1)Momoh AO, Ahmed R, Kelley BP, Aliu O, Kidwell KM, Kozlow JH, et al. A systematic review of complications of implant-based breast reconstruction with prereconstruction and postreconstruction radiotherapy. Ann Surg Oncol. 2014;21(1):118-24. [PMID:24081801]

2)Berbers J, van Baardwijk A, Houben R, Heuts E, Smidt M, Keymeulen K, et al.‘Reconstruction:before or after postmastectomy radiotherapy?’A systematic review of the literature. Eur J Cancer. 2014;50(16):2752-62. [PMID:25168640]

3)Hershenhouse KS, Bick K, Shauly O, Kondra K, Ye J, Gould DJ, et al.“Systematic review and meta-analysis of immediate versus delayed autologous breast reconstruction in the setting of post-mastectomy adjuvant radiation therapy”. J Plast Reconstr Aesthet Surg. 2021;74(5):931-44. [PMID:33423976]

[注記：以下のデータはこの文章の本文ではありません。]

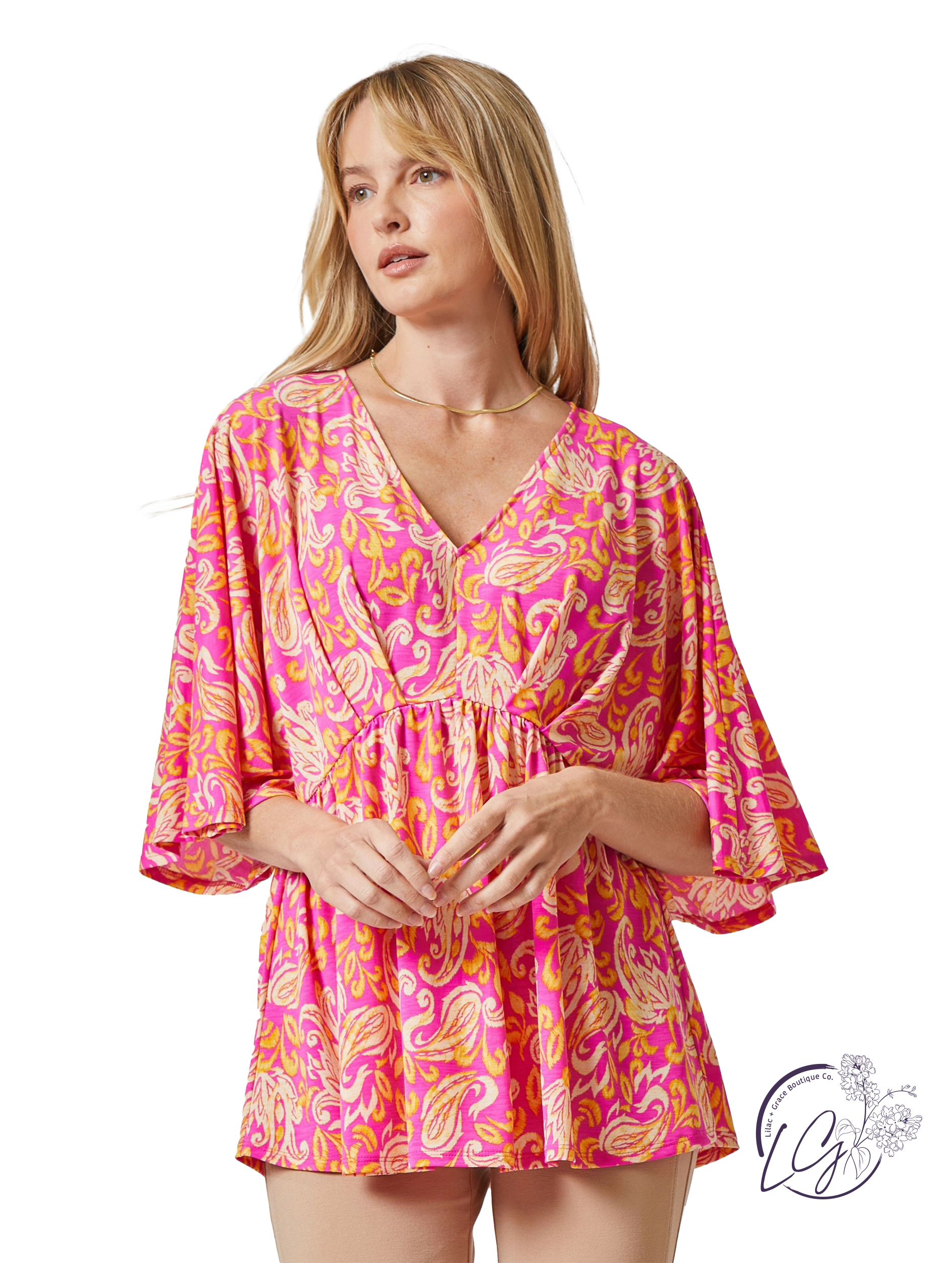 Fulfill your dreams with our Pink Dolman Sleeves Dreamer Top! Our dreamer top boasts a flattering fit with a v-neckline, pleating details, and dolman sleeves. Enjoy the convenience of wrinkle-free, travel-friendly material, while staying stylish and comfortable.

4)Lee KT, Mun GH. Prosthetic breast reconstruction in previously irradiated breasts:a meta-analysis. J Surg Oncol. 2015;112(5):468-75. [PMID:26374273]

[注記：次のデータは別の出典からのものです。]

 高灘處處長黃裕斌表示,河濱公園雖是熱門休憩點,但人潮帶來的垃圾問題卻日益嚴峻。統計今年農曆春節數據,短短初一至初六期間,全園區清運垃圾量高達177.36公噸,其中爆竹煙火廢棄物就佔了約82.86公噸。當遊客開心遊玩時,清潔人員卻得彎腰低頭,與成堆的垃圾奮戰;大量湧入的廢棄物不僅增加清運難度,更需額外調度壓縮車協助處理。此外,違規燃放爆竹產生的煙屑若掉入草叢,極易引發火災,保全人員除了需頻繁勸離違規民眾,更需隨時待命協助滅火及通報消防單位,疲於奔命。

5)Bristol SG, Lennox PA, Clugston PA. A comparison of ipsilateral pedicled TRAM flap with and without previous irradiation. Ann Plast Surg. 2006;56(6):589-92. [PMID:16721067]

6)Fischer JP, Basta MN, Shubinets V, Serletti JM, Fosnot J. A systematic meta-analysis of prosthetic-based breast reconstruction in irradiated fields with or without autologous muscle flap coverage. Ann Plast Surg. 2016;77(1):129-34. [PMID:25536206]

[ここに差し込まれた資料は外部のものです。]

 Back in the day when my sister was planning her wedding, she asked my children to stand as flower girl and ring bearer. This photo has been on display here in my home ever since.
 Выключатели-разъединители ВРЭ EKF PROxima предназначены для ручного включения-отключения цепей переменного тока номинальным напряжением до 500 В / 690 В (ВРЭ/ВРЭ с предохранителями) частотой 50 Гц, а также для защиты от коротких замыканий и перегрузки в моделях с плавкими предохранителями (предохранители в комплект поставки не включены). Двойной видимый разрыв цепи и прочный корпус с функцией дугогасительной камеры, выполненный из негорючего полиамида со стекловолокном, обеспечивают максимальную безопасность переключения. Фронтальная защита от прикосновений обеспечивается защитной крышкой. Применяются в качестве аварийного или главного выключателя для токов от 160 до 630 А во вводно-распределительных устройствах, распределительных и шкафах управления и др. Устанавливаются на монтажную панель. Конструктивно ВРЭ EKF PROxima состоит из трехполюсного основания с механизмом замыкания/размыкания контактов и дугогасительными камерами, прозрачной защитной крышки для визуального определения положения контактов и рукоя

7)Grolleau JL, Lanfrey E, Zeybeck C, Chavoin JP, Costagliola M. Effect of irradiation fields on the results of breast reconstruction with skin expansion after radiotherapy. Ann Chir Plast Esthet. 1997;42(6):609-14. [PMID:9768103]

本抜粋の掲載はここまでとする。